Logical Natural Language Generation from Open-Domain Tables (2004.10404v2)

Abstract: Neural natural language generation (NLG) models have recently shown remarkable progress in fluency and coherence. However, existing studies on neural NLG are primarily focused on surface-level realizations with limited emphasis on logical inference, an important aspect of human thinking and language. In this paper, we suggest a new NLG task where a model is tasked with generating natural language statements that can be \emph{logically entailed} by the facts in an open-domain semi-structured table. To facilitate the study of the proposed logical NLG problem, we use the existing TabFact dataset \cite{chen2019tabfact} featured with a wide range of logical/symbolic inferences as our testbed, and propose new automatic metrics to evaluate the fidelity of generation models w.r.t.\ logical inference. The new task poses challenges to the existing monotonic generation frameworks due to the mismatch between sequence order and logical order. In our experiments, we comprehensively survey different generation architectures (LSTM, Transformer, Pre-Trained LM) trained with different algorithms (RL, Adversarial Training, Coarse-to-Fine) on the dataset and made following observations: 1) Pre-Trained LM can significantly boost both the fluency and logical fidelity metrics, 2) RL and Adversarial Training are trading fluency for fidelity, 3) Coarse-to-Fine generation can help partially alleviate the fidelity issue while maintaining high language fluency. The code and data are available at \url{https://github.com/wenhuchen/LogicNLG}.

Logical Natural Language Generation from Open-Domain Tables

The paper "Logical Natural Language Generation from Open-Domain Tables" introduces a crucial advancement in natural language generation (NLG) by proposing a task aimed at generating logically entailed natural language statements from open-domain semi-structured tables. Traditional NLG models have been predominantly focused on achieving fluency and coherence in text generation, often neglecting the aspect of logical inference, which is an integral part of human reasoning. This paper highlights the need to incorporate logical inference into NLG tasks, hence proposing a more complex scenario where models need to extend beyond surface-level fact restatements.

Dataset and Approach

The authors utilize the TabFact dataset, which is robust with logical and symbolic inferences, to test their proposed logical NLG task. They propose innovative automatic metrics to evaluate the fidelity of generation models concerning logical inference. The work highlights the challenges posed by logical NLG, particularly due to the discrepancies between sequence order and logical order, which traditional monotonic generation frameworks fail to address adequately.

In their empirical investigation, the authors explore various generation architectures including LSTM, Transformer, and Pre-Trained LLMs (Pre-Trained LMs), and train them using different algorithms, such as Reinforcement Learning (RL), Adversarial Training, and Coarse-to-Fine generation. The key observations from their experiments underscore the efficacy of Pre-Trained LMs in enhancing both fluency and logical fidelity. Notably, RL and Adversarial Training show a tendency to trade off fluency for fidelity. The Coarse-to-Fine generation approach partly mitigates fidelity issues while sustaining language fluency.

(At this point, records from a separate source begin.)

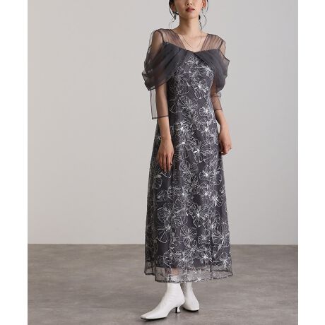 肩周りやお袖にかけて、美しい透け感のあるチュール素材を使用。
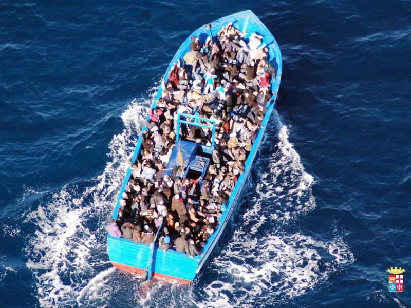 Bootsflüchtlinge vor der Küste der italienischen Mittelmeerinsel Lampedusa. Foto: Italian Navy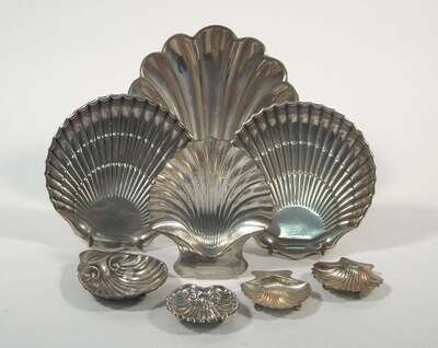 Including a large Gorham shell; pair of scallop-form dishes, one Fisher, the other M. Fred Hirsch Co.; and five others (two with marks for Tiffany & Co.). (8).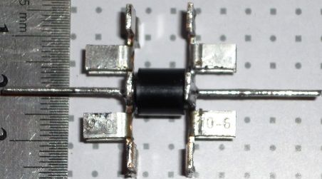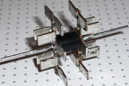 Перемычку разрезал пополам, разогнул несколько площадок для лучшего охлаждения и припаял с обоих торцов диода. Пайка такого большого радиатора далась не с первого раза... поняв что "маломощным" паяльником в 15Вт ничего не выйдет (ну сцуко отводит радиатор тепло сразу от места пайки) пришлось применить 100Вт паяльник. Радиатор зажимал в небольшие тиски, паяльником разогревал весь радиатор в месте припайки к диоду, как только олово нормально растекалось, а не кристаллизовалось по краям - засовывал диод - и быстро поливал всю конструкцию водой. И так с обоих торцов диода. Ножки диода пока оставил, думаю к ним провода припаять в дальнейшем, хотя смысла в ножках наверное нет, ведь можно непосредственно к торцевым радиаторам паять провода.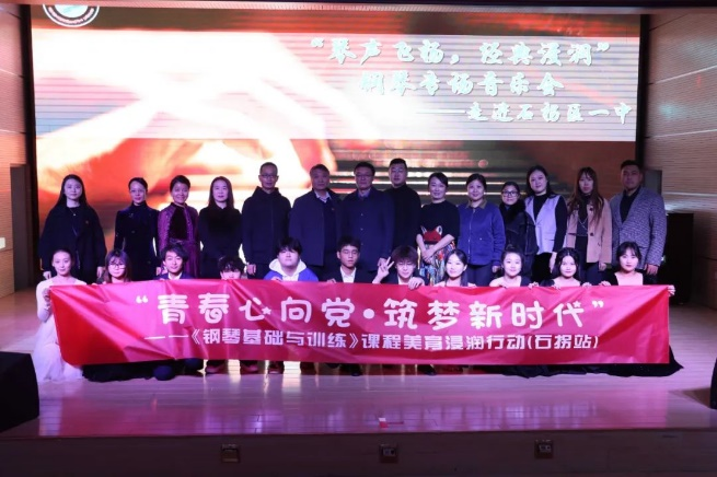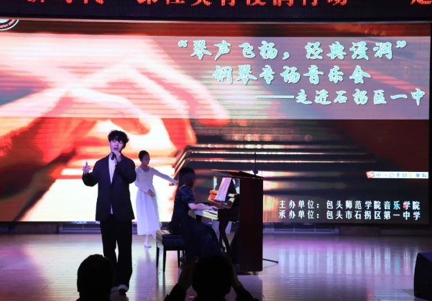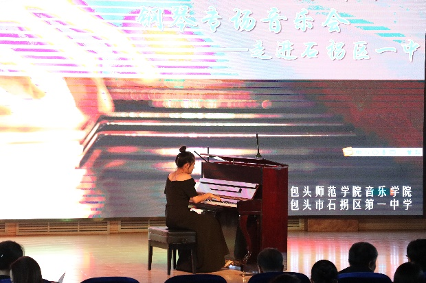11月17日下午音乐学院走进石拐区第一中学,开展“青春心向党 筑梦新时代”——课程美育浸润行动,学院党总支书记赵玉强、教工一支部书记张少宇和钢琴教研室主任郭淑君及部分师生,为石拐区一中师生带来了一场精彩的钢琴专场音乐会。石拐区第一中学校领导、教师和部分学生200多人聆听了音乐会。

Key Findings and Evaluations

1. Impact of Pre-Trained Models: Pre-Trained LMs such as GPT-2 demonstrate significant improvements in logical fidelity metrics. This suggests a promising avenue in leveraging the vast knowledge embedded in these large models to improve NLG tasks that require more than superficial fact restatement.
2. Training Methodologies: The exploration of RL and Adversarial Training highlights a trade-off scenario wherein RL and Adversarial Training frameworks improve fidelity but at the cost of fluency. This distinct trade-off is a critical finding, as it delineates the boundary of what current methodologies can achieve in logical NLG tasks.
3. Evaluation Mechanisms: The introduction of Parsing-Based Evaluation and NLI-Based Evaluation for logical consistency and fidelity highlights the paper's innovative approach to evaluating logical NLG, which traditionally relies heavily on fluency metrics such as BLEU. These new metrics are crucial given the task's emphasis on logic.

Implications and Future Direction

The paper's contributions lie not only in highlighting the limitations of current NLG models regarding logical inference but also in setting the stage for future explorations into more sophisticated and non-monotonic generation frameworks. The proposed task and evaluation metrics pave the way for delineating logical NLG's unique challenges, which require reasoning capabilities akin to semantic parsing.

Practically, this advancement holds significant promise for numerous applications such as data-driven storytelling, automated report generation, and enhanced interactions with knowledge bases where logical inference is vital. The proposed approach can catalyze the development of models that are not only coherent and fluent but also logically sound, ultimately leading to AI systems that better mimic human reasoning.

In conclusion, the paper sets a compelling stage for future research in logical natural language generation, offering a novel perspective that intertwines fluency with logical consistency. Future investigations could delve into approaches that seamlessly integrate logical reasoning with natural language generation, possibly harnessing enhancements in neural symbolic models or evolving transformer architectures for better contextual understanding and logical deduction.